:: DATA PROVIDED ::

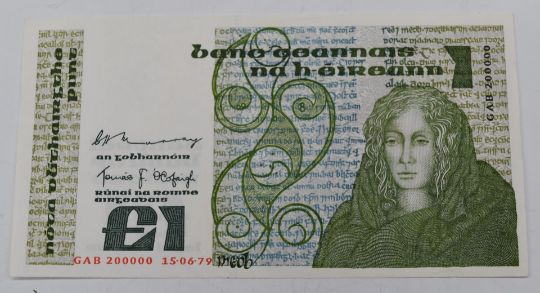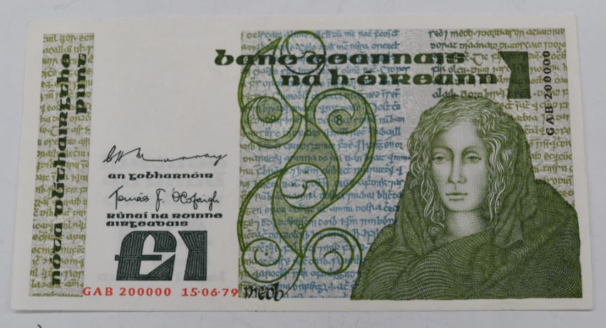 Central Bank of Ireland uncirculated £1 banknote GAB 200000
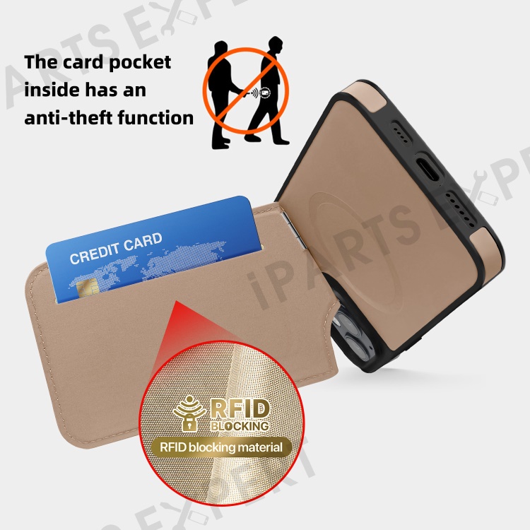 - RFID Blocking Protection: The card pocket is equipped with RFID blocking material, providing an anti-theft function to keep your cards safe from unauthorized scanning
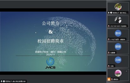 12 月 16 日,君原电子科技(海宁)有限公司为太阳成集团tyc122ccvip 2025 届毕业生举办了一场线上宣讲会。此次宣讲会旨在提前锁定优秀人才,助力企业人才战略布局与高校人才培养的有效衔接。
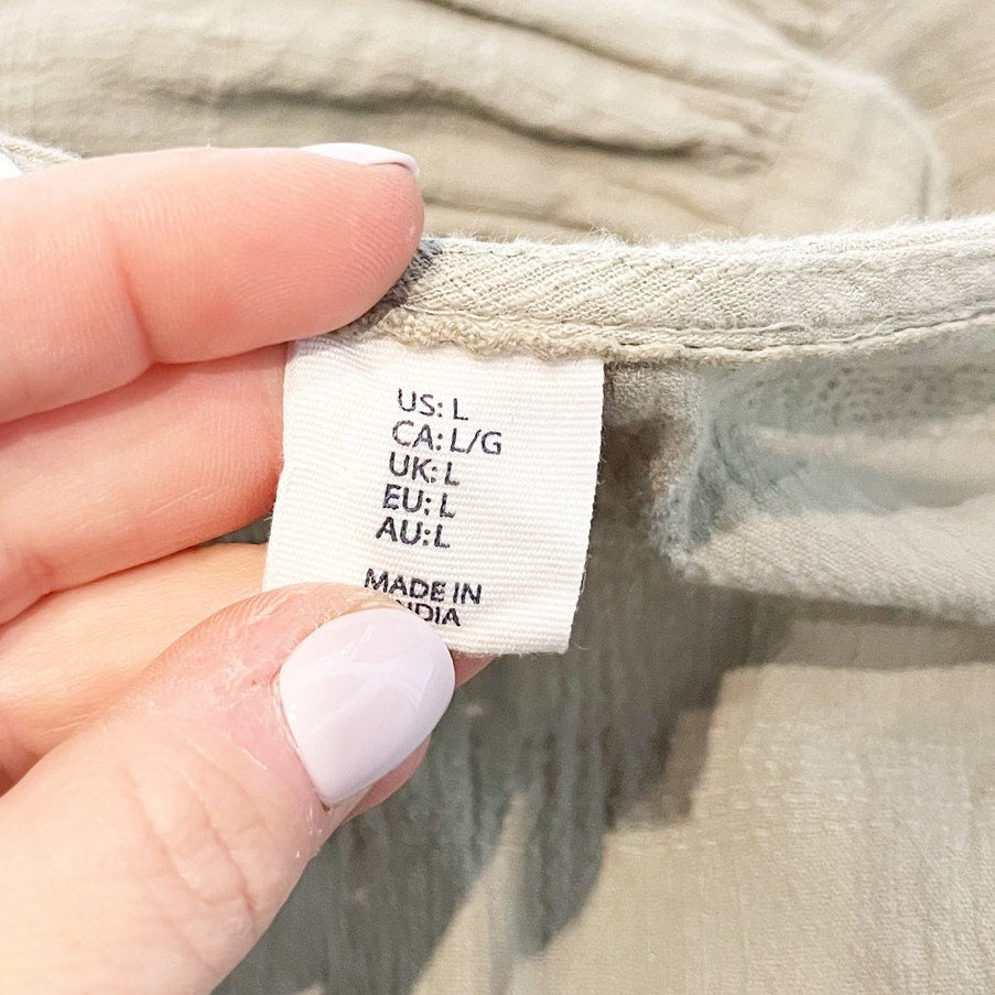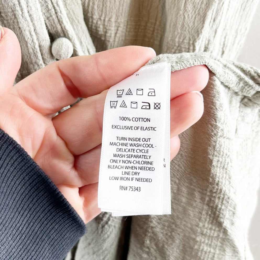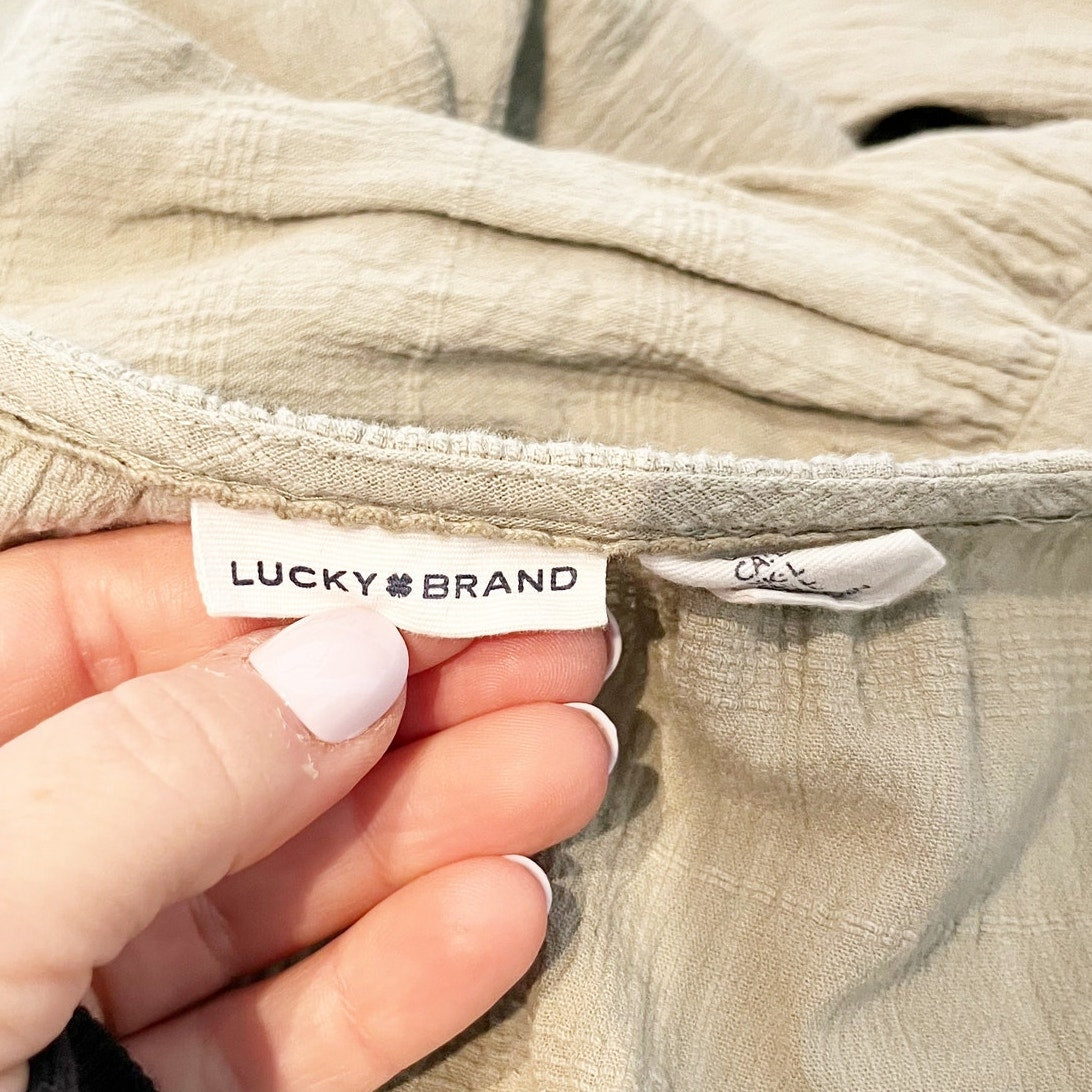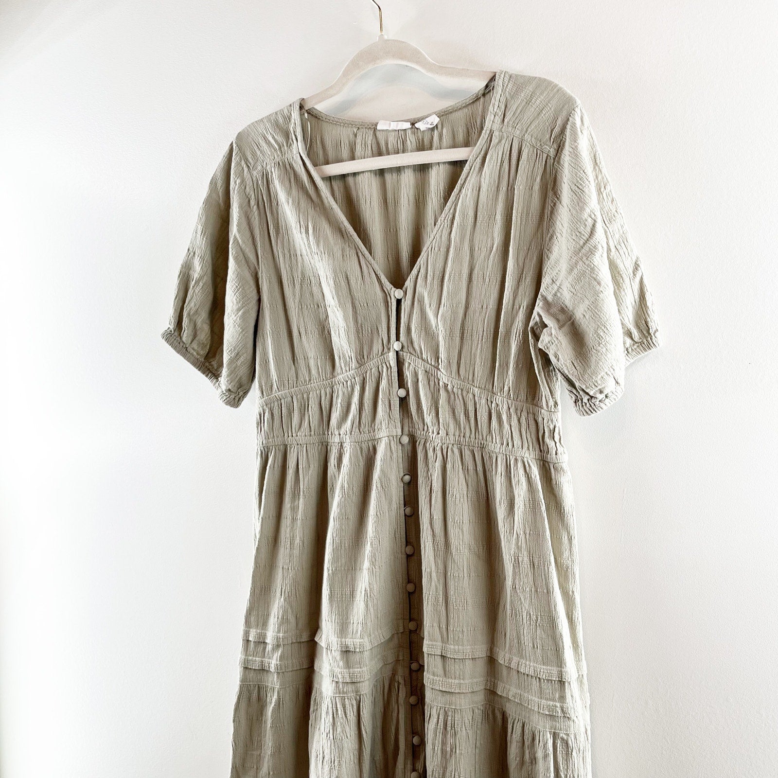 Lucky Brand Cotton Button Up Tiered Short Sleeve Maxi Dress Green Large

:::

→ **EXERCISE**
Will you repeat the material above, but only from the line containing "12 月 16 日,君原电子科技(海宁)有限公司为太阳成集团tyc122ccvip" through its last line, exactly and without the pictures?

→ **WORKED SOLUTION**
 12 月 16 日,君原电子科技(海宁)有限公司为太阳成集团tyc122ccvip 2025 届毕业生举办了一场线上宣讲会。此次宣讲会旨在提前锁定优秀人才,助力企业人才战略布局与高校人才培养的有效衔接。
 Lucky Brand Cotton Button Up Tiered Short Sleeve Maxi Dress Green Large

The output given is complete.